▶ **Exercise objective**: The reply must contain exactly the lines below from the one with "The area to" down to the one with "is it good to have fun? It", both included, and nothing more; please omit the pictures.

(Stored dataset items)
+-------+

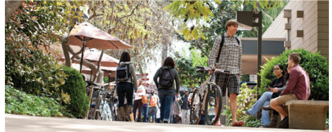
East Campus / Fall Semester / 12:35 p.m. Latitude 34.1301996 / Longitude -117.8890061

Azusa Pacific is an evangelical, Christian university committed to putting God First . While students do not have to be Christian to attend APU, our faith is part of everything we do on campus. Faculty pray with students and encourage dialogue about the Christian faith in the classroom. As part of the undergraduate experience, students attend chapel three times a week. Seven weekly chapel options, including International Chapel, offer diverse worship experiences to choose from, and renowned speakers, pastors, and authors provide biblical, relevant, challenging messages.
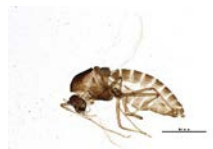
BIOUG01623-D05 [Lateral] Smittia sp. 8ES BIN URI: BOLD:ACP4736
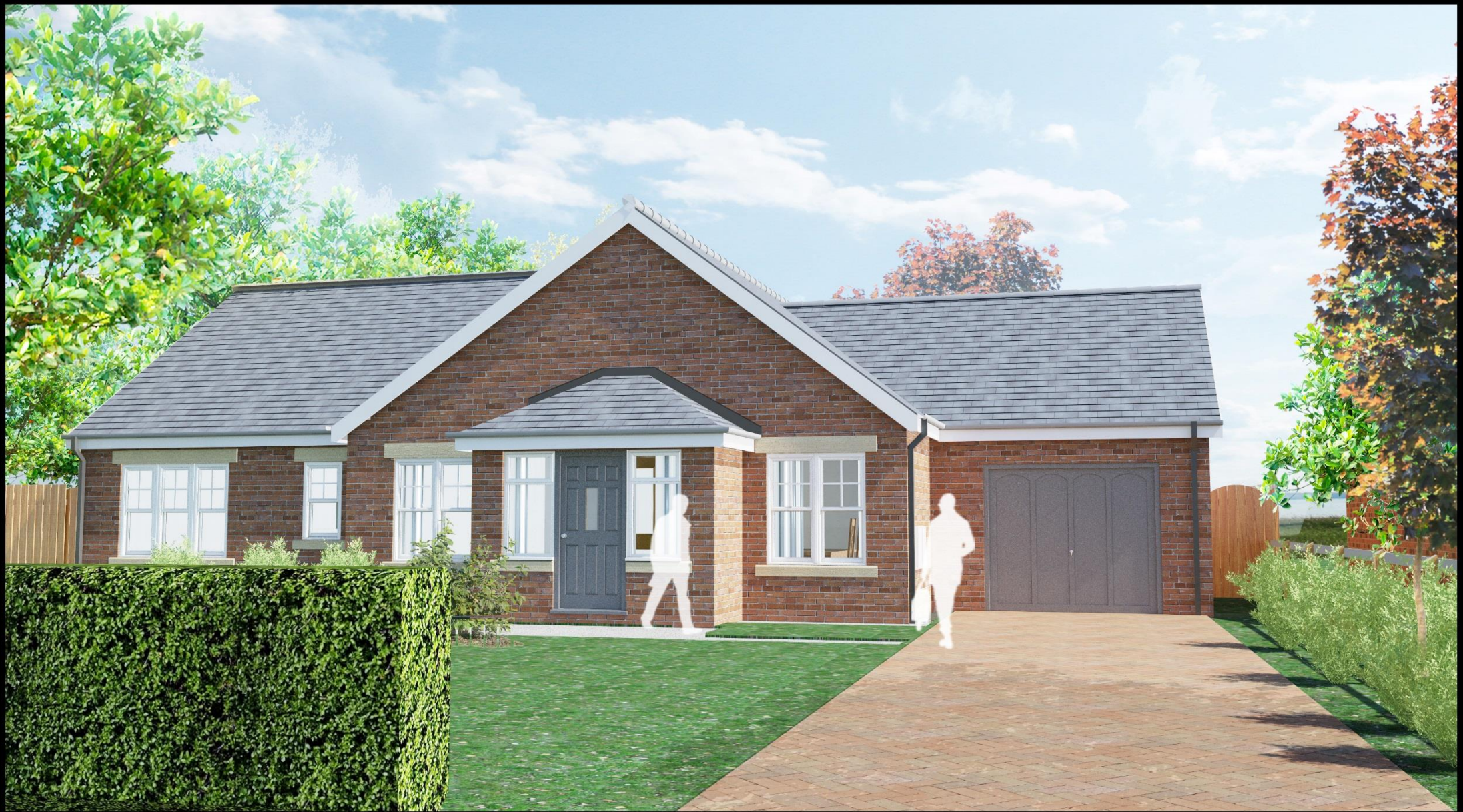
Plot 4, The Cheltenham The Stables, Stannington
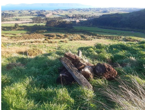
The area to be planted is at edge of the far bank, near this heap of logs (lizard habitat)
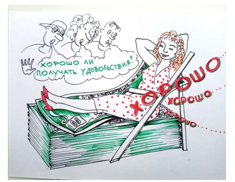
is it good to have fun? It is good... it is good... it is good...

Earthly values: human life, material goods and earthly pleasures formed the basis of the value system. Its foundation is not a worldview, but instincts. The spirit of the epoch permeated the leading part of humanity. Today, it is impossible to find a more developed society on the Planet, that by default, does NOT TAKE these attitudes for granted. It seems as natural as breathing. Any country, including Islamic ones, positioning themselves as the enemy of humanism and democracy, share the values of humanism in fundamental parameters. No one asks the question "from what do the highest values of humanism follow?". The inhabitants of our era consider them to be true only because THEY CORRESPOND to their instincts. People seem to ask their flesh: "Is it good to have fun?". She answers them: "It Is Good." This recognition is enough to elevate EVERYDAY TRUTH to the status of the HIGHEST IDEA, and consider everything else demagogy. The shortest way to realize everyday truths is money. The shortest way to get money is to take it away. This is ideal, because the profit is 100%, the investment is zero.
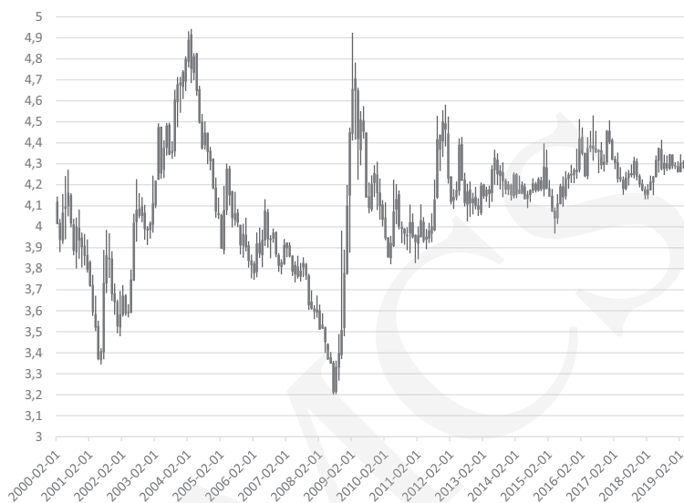
Figure 2. EUR/PLN spot rate, 1-month candlestick (February 2000 – March 2019)
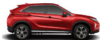
SE 1.5 PANORAMIC SUNROOF 2WD or S-AWC
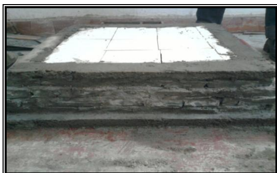
Fig.3. 2 Plinth

A plinth of height 0.2 m above ground level was adopted, constructed with 1:6 cement mortar. The plinth slab of (100-150) mm which is conventionally provided, was avoided and in its place, in order to take necessary precaution, impervious blanket like concrete slabs or stone slabs was provided all round the building to reduce erosion of soil and thereby avoiding exposure of foundation surface and crack formation.
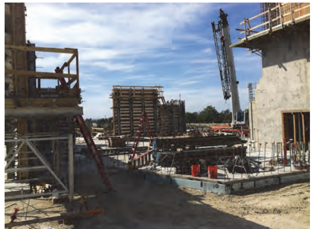
The daily chapel area

Check the Parish website ( www.stmoside.org ) to watch live action on our webcams (click on the camera links) or view the Construction Progress album.

+-------+

▶ **Solution to the exercise**:
The area to be planted is at edge of the far bank, near this heap of logs (lizard habitat)
is it good to have fun? It is good... it is good... it is good...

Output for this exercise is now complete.